Bhernie : (Tournant son visage vers
le petit en souriant fièrement) Quand je vois la merveille que tu nous as
donné, je ne regrette pas du tout de l'avoir fait. Et si cela ne tenait qu'à
moi, je t'en ferai un chaque année pendant les 3 prochaines années.
Je souris.
Bhernie : (Me regardant à nouveau)
Au fait, je vous ai apporté des cadeaux.
Il soulève un grand sachet dans les
affaires qu'il a emmenées et me le donne. J'ouvre et je vois 4 paquets à
l'intérieur.
Bhernie : Le paquet Rose et le
Bleu, c'est pour Faveur et toi, les 2 autres c'est pour papa et maman.

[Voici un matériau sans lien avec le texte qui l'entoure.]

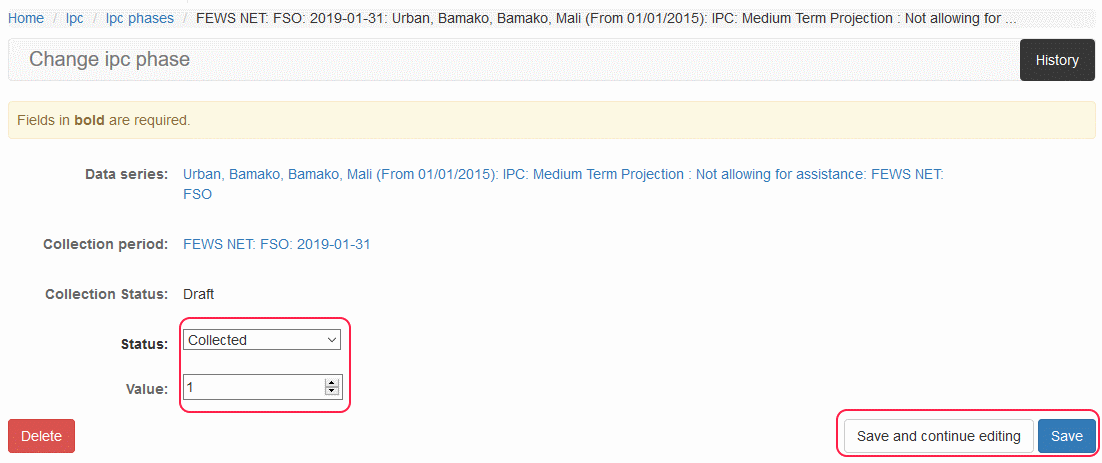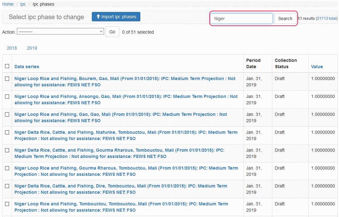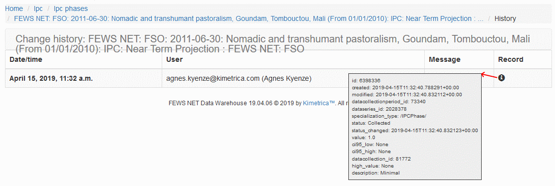 From the list in IPC Phase page, click on the link within the Data series column of the record you would like to view the history.

Papa : (Entrant au salon) Bonjour.
Bhernie : (Se levant) Bonjour papa.
(À maman juste derrière) Bonjour maman.
Maman : Hum.
Ils sont passés et sont allés
s'asseoir, Bhernie est resté debout.
Moi : Tu ne t'assois plus ?
Bhernie : (Tête baissée, silence)
Papa : (Depuis sa place) Il faut
t'asseoir, ne reste pas debout.
Bhernie : Merci papa.
Il s'est rassis et je l'ai regardé
pendant quelques secondes avant de me tourner vers mes parents.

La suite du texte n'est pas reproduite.